The logistic equation was first introduced in 1838 by the Belgian mathematician Pierre-Fran\c cois Verhulst (1804–1849). Based on the population of Belgium for three years (1815, 1830, and 1845), which was then between 4 and 4.5 million, Verhulst predicted that the population would never exceed 9.4 million. This prediction has held up reasonably well. Belgium's current population is around 10.4 million.

The simplest model of population growth is \({dy}/dt=ky\), according to which populations grow exponentially. This may be true over short periods of time, but it is clear that no population can increase without limit. Therefore, population biologists use a variety of other differential equations that take into account environmental limitations to growth such as food scarcity and competition between species. One widely used model is based on the logistic differential equation: \[ \begin{equation} \label{10.popmod.logsol} \boxed{\bbox[#FAF8ED,5pt]{\frac{dy}{dt} = ky \left(1-\frac{y}A \right),\qquad}}\tag {1} \end{equation} \] Here \(k>0\) is the growth constant, and \(A>0\) is a constant called the carrying capacity. Figure 9.19 shows a typical \(S\)-shaped solution of Eq. (1). As in the previous section, we also denote \({dy}/dt\) by \(\dot{y}\).

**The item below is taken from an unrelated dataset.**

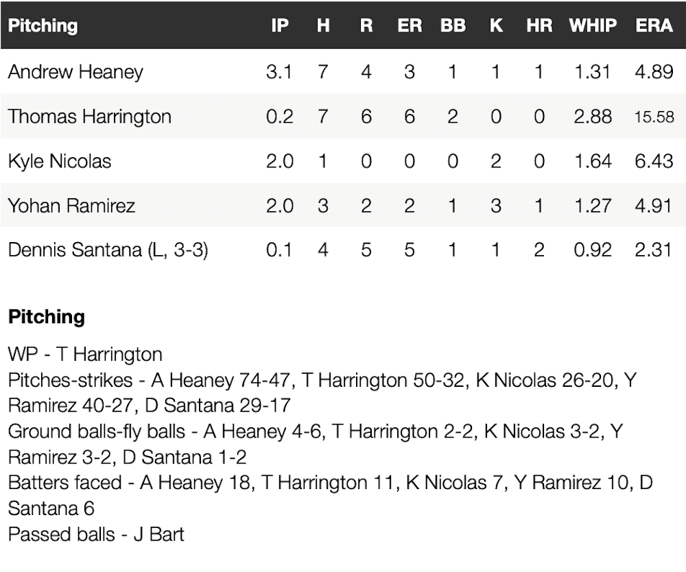 Major League Baseball's worst team scored five runs off DennisSantana in the ninth inning, capped by two on a walk-off home run by BrentonDoyle, and seven runs over the final two innings. They became the first team in history to allow 15-plus runs, allow a nine-run inning and face a nine-run deficit and still win the same game. AndrewHeaney allowed four runs (three earned) over 3 1/3 innings before ThomasHarrington allowed six runs on seven hits in 2/3 of an inning, YohanRamirez two runs in two innings.

Figure 9.19: Solution of the logistic equation.

CONCEPTUAL INSIGHT

The logistic equation \(\dot{y} = ky(1 - y/A)\) differs from the exponential differential equation \(\dot{y}=ky\) only by the additional factor \((1-y/A)\). As long as \(y\) is small relative to \(A\), this factor is close to \(1\) and can be ignored, yielding \(\dot{y}\approx ky\). Thus, \(y(t)\) grows nearly exponentially when the population is small (Figure 9.19). As \(y(t)\) approaches \(A\), the factor \((1-y/A)\) tends to zero. This causes \(\dot{y}\) to decrease and prevents \(y(t)\) from exceeding the carrying capacity \(A\).

Solutions of the logistic equation with \(y_0<0\) are not relevant to populations because a population cannot be negative (see Exercise 18).

The slope field in Figure 9.20 shows clearly that there are three families of solutions, depending on the initial value \(y_0=y(0)\).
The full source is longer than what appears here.